July 12, 2018, we reported on the Medidata decision handed down by the Second Circuit in which the court found coverage for a claim resulting from social engineering fraud. We suggested the ruling in Medidata lacks persuasive power due to its unusual factual circumstances and atypical policy language. The Sixth Circuit’s decision in American Tooling Center, Inc. v. Travelers Casualty & Surety Co. of America, No. 17-2014, 2018 WL 3404708 (6th Cir. July 13, 2018), will have more persuasive power, but due to its significant departure from existing precedent, it still should not turn the tide in favor of policyholders in the war between insurers and policyholders with respect to social engineering fraud coverage under traditional commercial crime policies.
Unlike in Medidata, the dispute in American Tooling arises out of a garden-variety social engineering fraud scenario wherein a third party impersonating a vendor sought payment from the insured, American Tooling Center, Inc. (ATC). All told, the fraudster was able to abscond with more than $800,000 before ATC discovered the scheme. When the actual vendor sought payment, ATC agreed to pay 50% of the outstanding debt, and the other 50% of the debt would remain contingent on ATC’s insurance claim with Travelers Casualty and Surety Company of America (Travelers).
ATC filed suit, and a Michigan federal district court granted summary judgment in favor of Travelers with regard to coverage under the Computer Fraud coverage part of ATC’s insurance policy. On appeal, the Sixth Circuit analyzed three separate, albeit interrelated, requirements for Computer Fraud coverage. First, ATC argued it suffered a “direct loss” the moment it paid the impersonator. Although the policy did not define “direct,” the court held there was a “direct loss” irrespective whether a Michigan court would construe the term to mean “immediate” or “proximate.” More specifically, because there was no intervening event between the fraudulent emails and ATC’s transfer of funds to the impersonator, ATC immediately lost the money.

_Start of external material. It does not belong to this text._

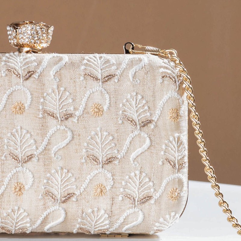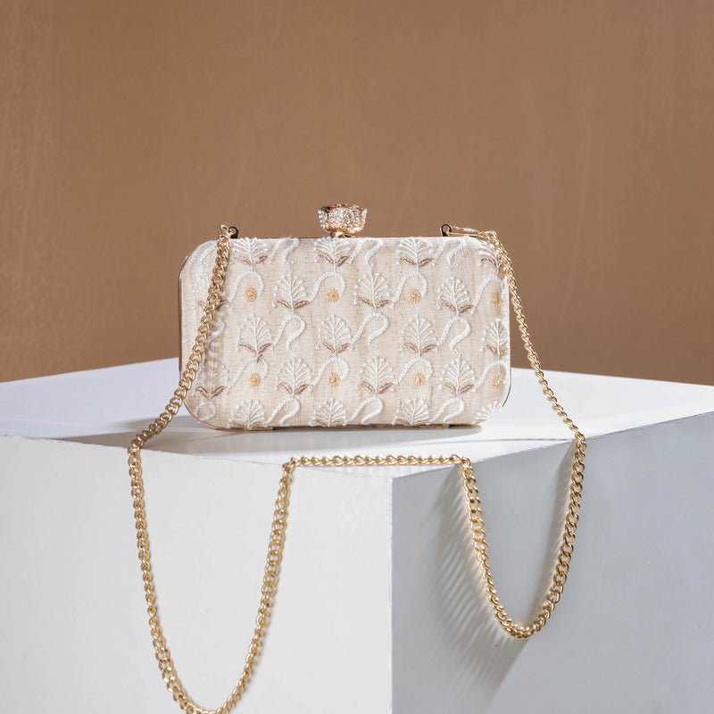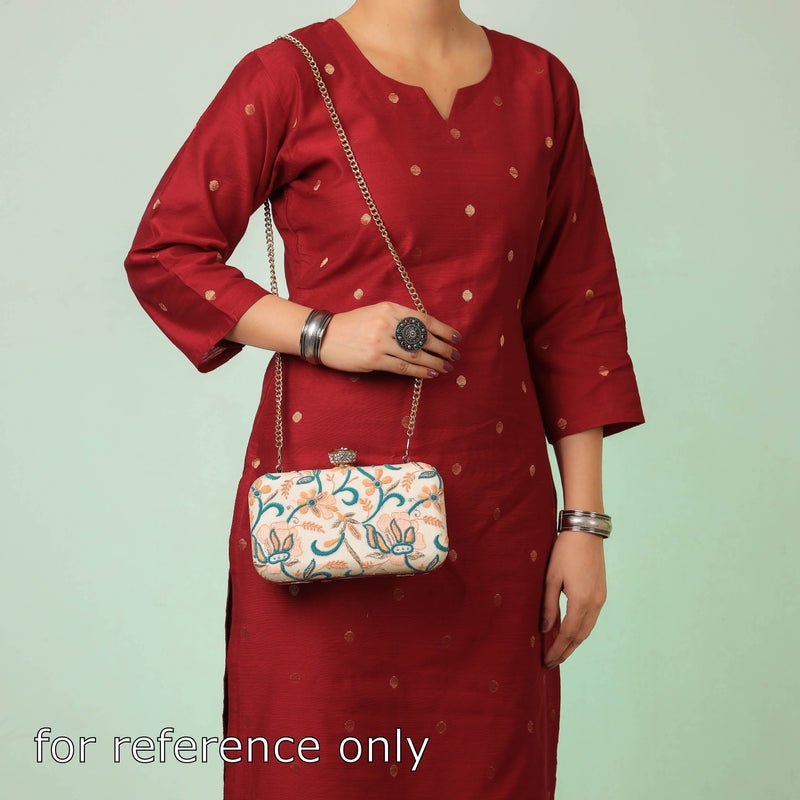 Home All Categories Fashion Accessory Sling Bags Chikankari Zari Hand Embroidered Tussar Silk Clutch/Sling Bag
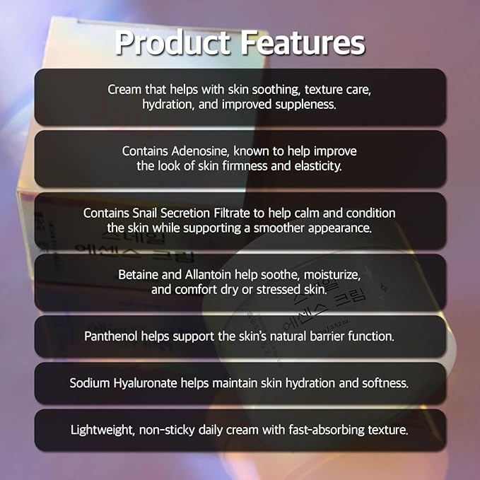 - Snail Mucin-Powered Skin Renewal: Infused with Snail Secretion Filtrate, this cream helps refine skin texture and supports elasticity. Helps reduce the appearance of fine lines and improves skin resilience over time.

Second, the Sixth Circuit considered whether the impersonator’s conduct constituted “Computer Fraud.” The policy defined “Computer Fraud” as “[t]he use of any computer to fraudulently cause a transfer of Money . . . to a person outside the Premises or Financial Institution Premises.” Travelers pointed to Pestmaster Services v. Travelers Casualty & Surety Co. of America, 656 F. Appx. 332 (9th Cir. 2016), for the proposition that “Computer Fraud” was limited to hacking and other brute force attacks in which the fraudsters gained access to or controlled the insured’s computer. The Sixth Circuit disagreed, relying on the fact that the impersonator sent ATC fraudulent emails using a computer, which allegedly caused the payments to the impersonator. Plus, looking at other policies in the marketplace, the Court chastised Travelers for not more narrowly defining “Computer Fraud” as limited to criminal hacking.
Third, the Sixth Circuit concluded ATC’s direct loss was directly caused by Computer Fraud. To start, the Court distinguished a recent Eleventh Circuit decision finding no coverage for Computer Fraud where the loss involved intervening steps. See Interactive Comm’cns Int’l v. Great Am. Ins. Co., No. 17-11712, 2018 WL 2149769 (11th Cir. May 10, 2018). The Sixth Circuit opined that the spoofed emails received by ATC served as the immediate cause of the loss, overlooking ATC’s inadequate internal protocols that allowed the scheme to escape detection. In other words, the court honed in on what ATC did, instead of what it did not do. The most prominent example of this is the Court’s characterization of the fraudulent email as “the point of no return,” as the ATC employees then had to engage in internal actions proscribed by its protocols, which involved no meaningful verification procedures and facilitated the transfer of money to the impersonator. The Court thus determined the “computer fraud” “directly caused” ATC’s “direct loss.”
As we wrote in our Medidata post, a majority approach has coalesced around social engineering fraud losses resulting from spoofed requests from vendors not being covered under Computer Fraud policies. The Sixth Circuit has deviated from that approach and sided with the Second Circuit. Due to recent events favoring policyholders, there appears to be a growing split in how courts analyze coverage for social engineering fraud. This development suggests insurers may want to evaluate existing policy language to determine if modifications are in order to make it abundantly clear to any court that coverage for social engineering fraud claims is excluded. Moreover, during litigation, insurers should highlight the existence of standalone social engineering fraud coverage offerings in the marketplace as evidence that traditional commercial crime policies are not meant to cover these twenty-first century con artist’s schemes. One thing is for sure – while the policyholders won the battle in American Tooling, the war is hardly over. If this trend continues, insurers should consider a new battlefield if they want to win the war.